EXERCISE:
Please transcribe the entries below exactly and leave out every picture.

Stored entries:
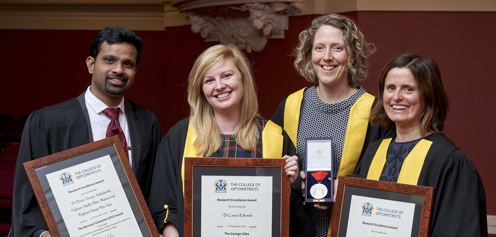 Dr Hogg (pictured, second from right) has been recognised by the College of Optometrists for her work in the area of macular degeneration and disease in the College of Optometrists Research Excellence Awards 2019, which highlight achievement and celebrate outstanding contributions to research in the fields of optometry, optics and vision science.
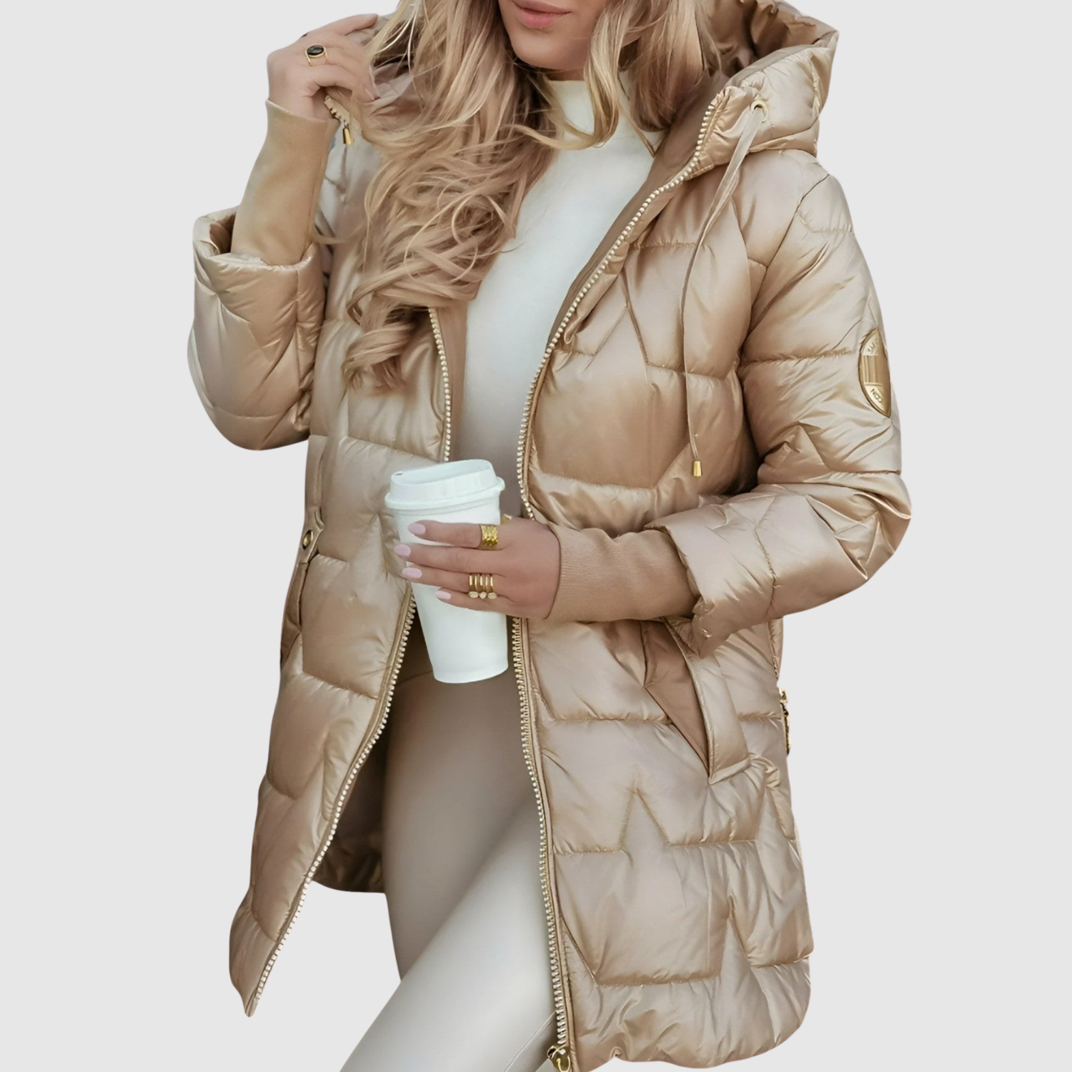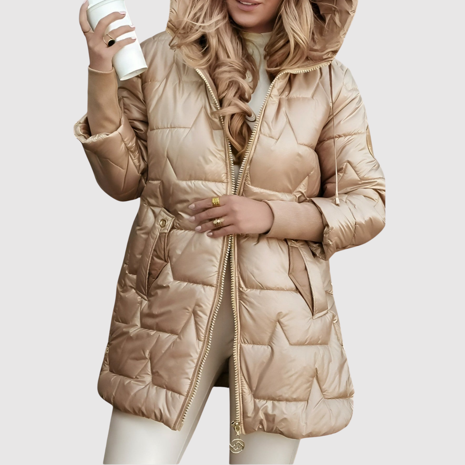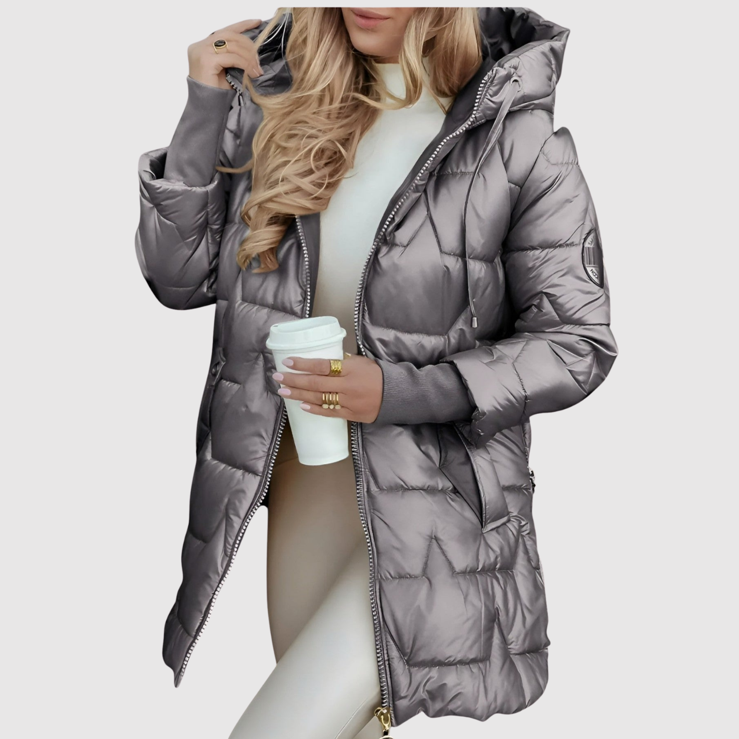 Ta długa dopasowana kurtka zapewnia maksymalną ochronę przed zimnym powietrzem. Dzięki swojej pikowanej konstrukcji, odpinanemu kapturowi z sztucznym futrem oraz regulowanej sylwetce, łączy funkcjonalność z elegancją w jednym. Niezbędny zimowy ulubieniec zarówno na co dzień, jak i na specjalne okazje.
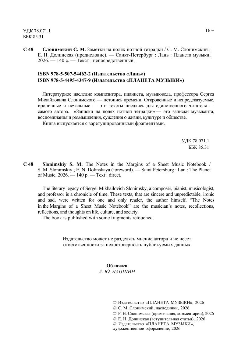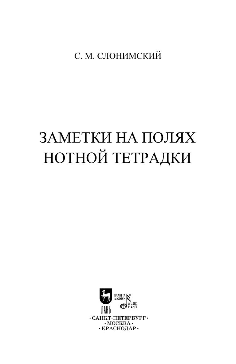 Литературное наследие композитора, пианиста, музыковеда, профессора Сергея Михайловича Слонимского — летопись времени. Откровенные и непредсказуемые, ироничные и печальные — эти тексты писались для единственного читателя — самого автора. «Записки на полях нотной тетрадки» — это записки музыканта, воспоминания и размышления, суждения о жизни, культуре и обществе. Книга выпускается с заретушированными фрагментами. The literary legacy of Sergei Mikhailovich Slonimsky, a composer, pianist, musicologist, and professor is a chronicle of time. These texts, that are sincere and unpredictable, ironic and sad, were written for one and only reader, the author himself. “The Notes in the Margins of a Sheet Music Notebook” are the musician’s notes, recollections, reflections, and thoughts on life, culture, and society. The book is published with some fragments retouched.
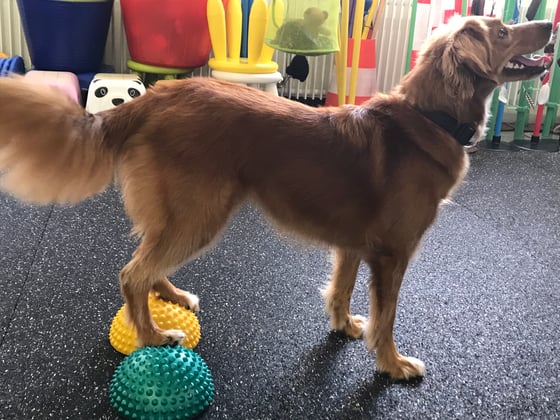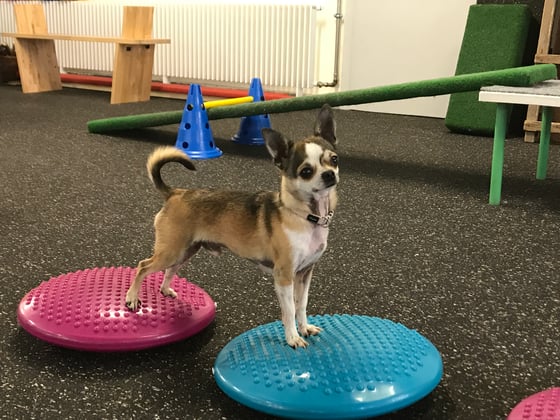 Winnie ist für alles zu haben, sie lernt gerne Tricks und bei den Balance- und Koordinationsübungen ist sie hoch konzentriert und arbeitet sehr genau!
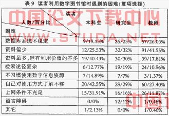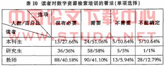 影响读者使用数字图书馆的主要原因是:“资料偏少”、。资料虽多.但有利用价值的不多”、。自己对使用方式了解不够”、“数据库系统不稳定”等。这说明华南农大图书馆的数字文献资源建设还有待加强。应深入调查读者的需要。增加对日的有利用价值的文献资源数量。同时还要加强与学校中心、数据库供应商间的协作,促进服务器、交换机、存储系统等硬件设备的建设,保障数字化文献系统正常、高效运行。最后。还应加强读者的培训.特别是数据库检索技巧方面的培训。从表10可以看出:
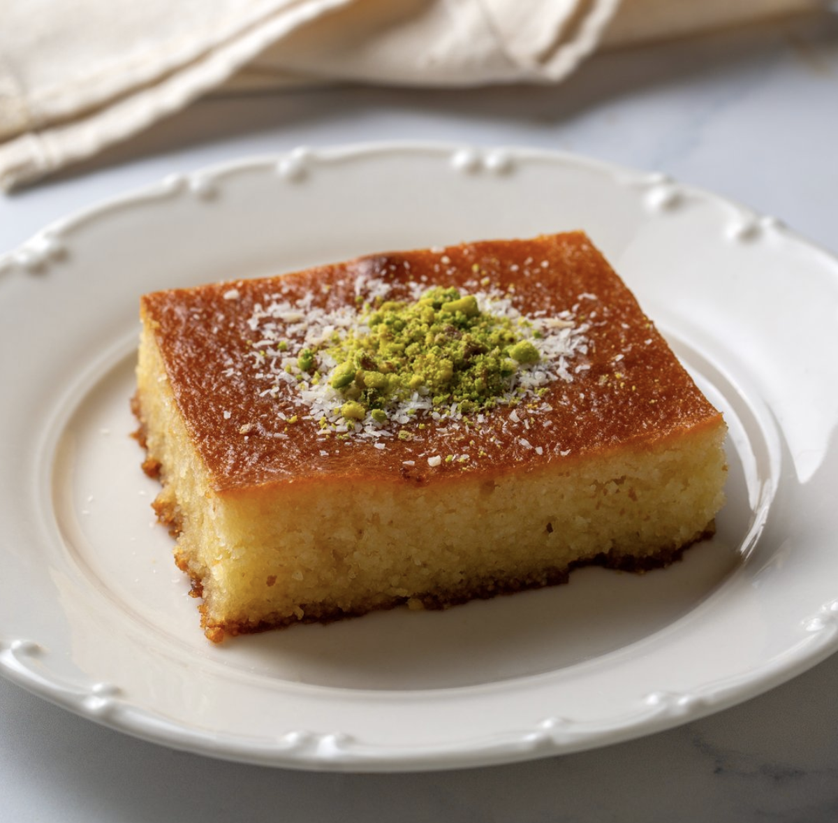 Soft semolina sponge cake soaked in sweet syrup with a light citrus aroma.
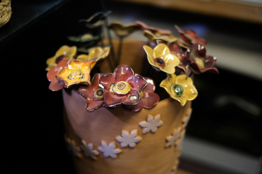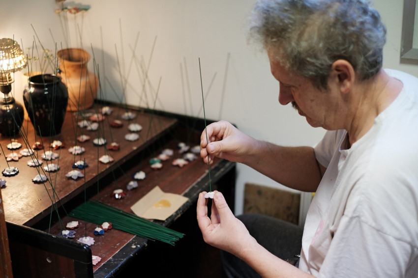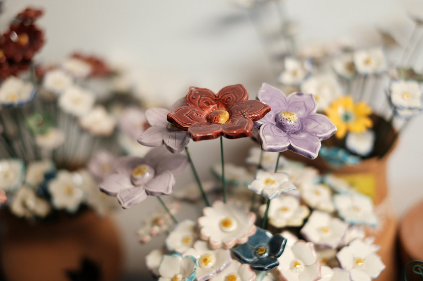 Egy nagyobb helyiségben többen is együtt dolgoznak. A műhely „sztártermékét”, a kerámiavirágokat készítik. Néhányan a kilapított agyagból kiszaggatják a virágok alapjait. Van, aki különböző méretű agyaggolyókat készít, ezekből lesznek a virágok közepei. Egy másik munkatárs kiszedi a szaggatókból a bennük ragadt agyagot, és ha sorjás valamelyik virág széle, lesimítja, amíg még puha az agyag. Az összeállítók megadják a kerámiák végső formáját, majd mázazzák és égetik a virágokat. Végül egy munkatárs felragasztja őket a drótból készült szárra. Minden részfeladatot gondosan kell elvégezni, hogy a késztermék szép legyen. Igazi csapatmunka ez.
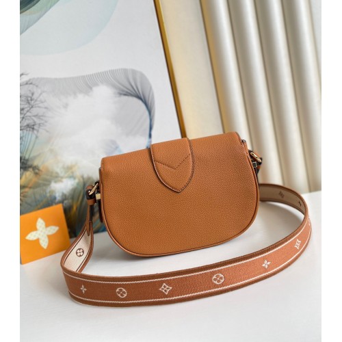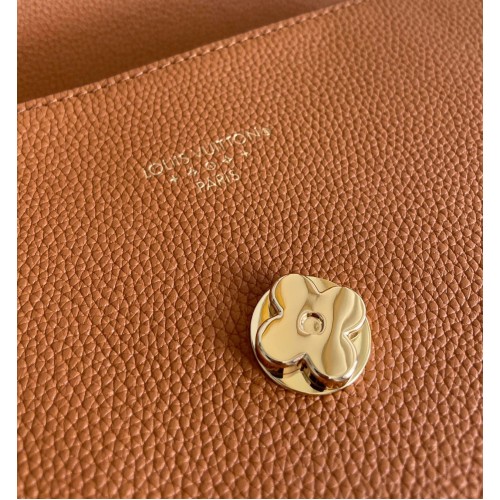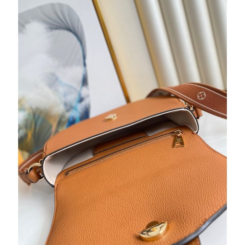 The LV Pont 9 Soft MM is a rounded handbag made from grained calfskin with smooth cowhide lining in a contrasting color and a wide two-color strap decorated with Monogram Flowers. The two sides of the strap are woven separately and then stitched together by hand. The new LV Circle signs this bag.
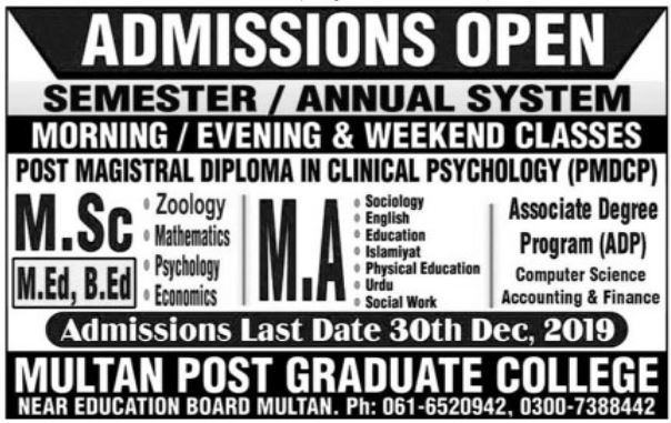 Multan Post Graduate College has offered admissions for MSc, MEd in Mathematics, Economics, Psychology, MA in Social work, Sociology, English, Education, Urdu, Islamyat, Physical education, BEd, ADP. Last date for submission of admission applications is 30 Dec 2019.
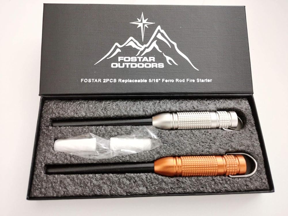 قطعتان من فوستار قابلة للاستبدال 5/40.64 سم برأس حديدي مع بوصلة، كبسولة تخزين، قضيبان ماغنيسيوم فولاذ، (لون برتقالي وصحراوي)
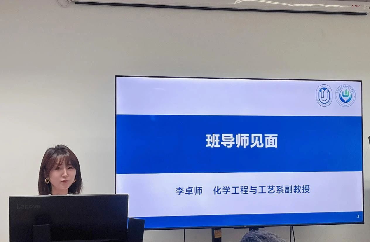 化工系副教授李卓师老师在自我介绍后,向同学们分享了自己的求学背景、对专业的认识,也期待和同学们共同成长。
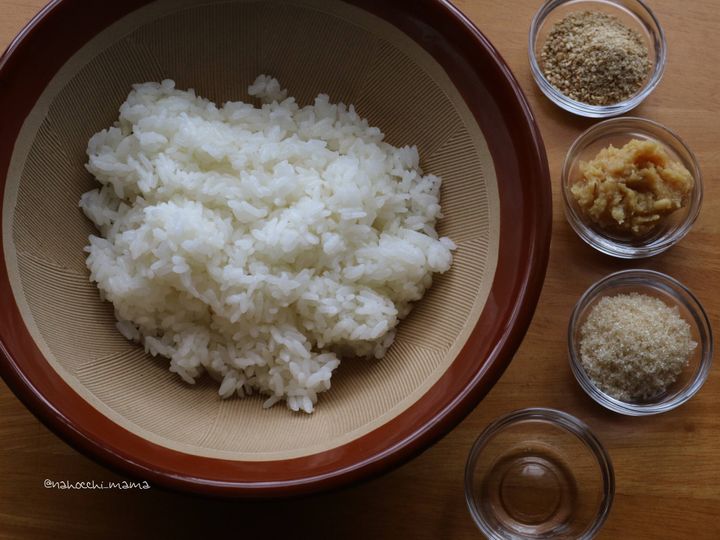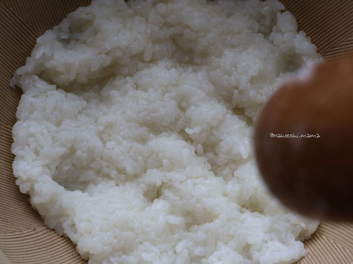 1、 ご飯を温め、すりこぎ等で突いて粘り気を出す。
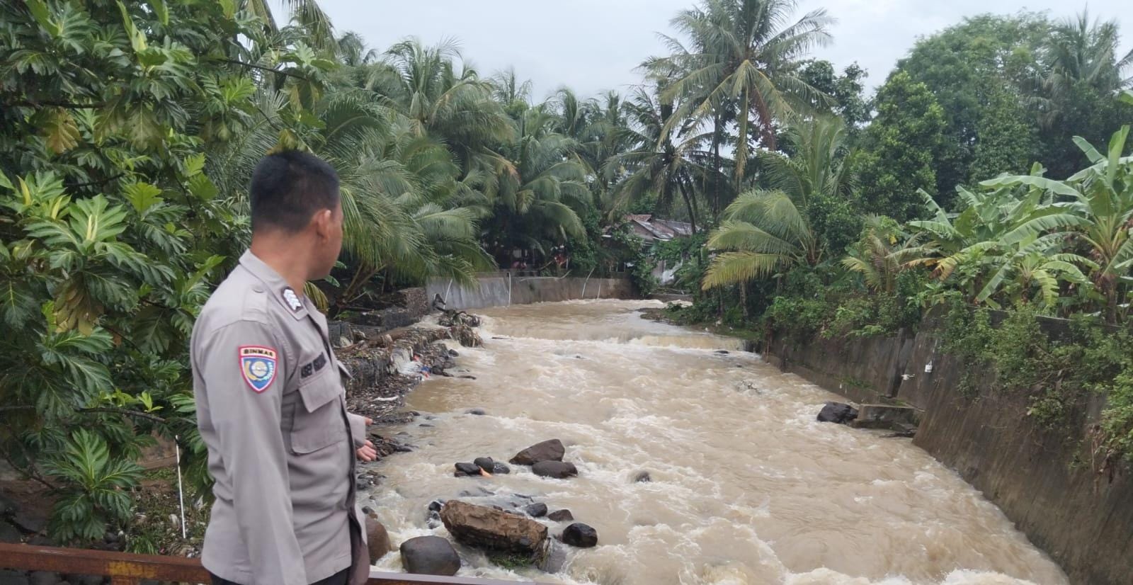 Cilegon - Personel Polsek Anyar Polres Cilegon Polda Banten melaksanakan Patroli kewilayahan mengecek debit air di Sungai pasca Hujan antisipasi banjir di wilayah Kec. Anyar, Rabu (24/12).

EXPECTED ANSWER:
 Dr Hogg (pictured, second from right) has been recognised by the College of Optometrists for her work in the area of macular degeneration and disease in the College of Optometrists Research Excellence Awards 2019, which highlight achievement and celebrate outstanding contributions to research in the fields of optometry, optics and vision science.
 Ta długa dopasowana kurtka zapewnia maksymalną ochronę przed zimnym powietrzem. Dzięki swojej pikowanej konstrukcji, odpinanemu kapturowi z sztucznym futrem oraz regulowanej sylwetce, łączy funkcjonalność z elegancją w jednym. Niezbędny zimowy ulubieniec zarówno na co dzień, jak i na specjalne okazje.
 Литературное наследие композитора, пианиста, музыковеда, профессора Сергея Михайловича Слонимского — летопись времени. Откровенные и непредсказуемые, ироничные и печальные — эти тексты писались для единственного читателя — самого автора. «Записки на полях нотной тетрадки» — это записки музыканта, воспоминания и размышления, суждения о жизни, культуре и обществе. Книга выпускается с заретушированными фрагментами. The literary legacy of Sergei Mikhailovich Slonimsky, a composer, pianist, musicologist, and professor is a chronicle of time. These texts, that are sincere and unpredictable, ironic and sad, were written for one and only reader, the author himself. “The Notes in the Margins of a Sheet Music Notebook” are the musician’s notes, recollections, reflections, and thoughts on life, culture, and society. The book is published with some fragments retouched.
 Winnie ist für alles zu haben, sie lernt gerne Tricks und bei den Balance- und Koordinationsübungen ist sie hoch konzentriert und arbeitet sehr genau!
 影响读者使用数字图书馆的主要原因是:“资料偏少”、。资料虽多.但有利用价值的不多”、。自己对使用方式了解不够”、“数据库系统不稳定”等。这说明华南农大图书馆的数字文献资源建设还有待加强。应深入调查读者的需要。增加对日的有利用价值的文献资源数量。同时还要加强与学校中心、数据库供应商间的协作,促进服务器、交换机、存储系统等硬件设备的建设,保障数字化文献系统正常、高效运行。最后。还应加强读者的培训.特别是数据库检索技巧方面的培训。从表10可以看出:
 Soft semolina sponge cake soaked in sweet syrup with a light citrus aroma.
 Egy nagyobb helyiségben többen is együtt dolgoznak. A műhely „sztártermékét”, a kerámiavirágokat készítik. Néhányan a kilapított agyagból kiszaggatják a virágok alapjait. Van, aki különböző méretű agyaggolyókat készít, ezekből lesznek a virágok közepei. Egy másik munkatárs kiszedi a szaggatókból a bennük ragadt agyagot, és ha sorjás valamelyik virág széle, lesimítja, amíg még puha az agyag. Az összeállítók megadják a kerámiák végső formáját, majd mázazzák és égetik a virágokat. Végül egy munkatárs felragasztja őket a drótból készült szárra. Minden részfeladatot gondosan kell elvégezni, hogy a késztermék szép legyen. Igazi csapatmunka ez.
 The LV Pont 9 Soft MM is a rounded handbag made from grained calfskin with smooth cowhide lining in a contrasting color and a wide two-color strap decorated with Monogram Flowers. The two sides of the strap are woven separately and then stitched together by hand. The new LV Circle signs this bag.
 Multan Post Graduate College has offered admissions for MSc, MEd in Mathematics, Economics, Psychology, MA in Social work, Sociology, English, Education, Urdu, Islamyat, Physical education, BEd, ADP. Last date for submission of admission applications is 30 Dec 2019.
 قطعتان من فوستار قابلة للاستبدال 5/40.64 سم برأس حديدي مع بوصلة، كبسولة تخزين، قضيبان ماغنيسيوم فولاذ، (لون برتقالي وصحراوي)
 化工系副教授李卓师老师在自我介绍后,向同学们分享了自己的求学背景、对专业的认识,也期待和同学们共同成长。
 1、 ご飯を温め、すりこぎ等で突いて粘り気を出す。
 Cilegon - Personel Polsek Anyar Polres Cilegon Polda Banten melaksanakan Patroli kewilayahan mengecek debit air di Sungai pasca Hujan antisipasi banjir di wilayah Kec. Anyar, Rabu (24/12).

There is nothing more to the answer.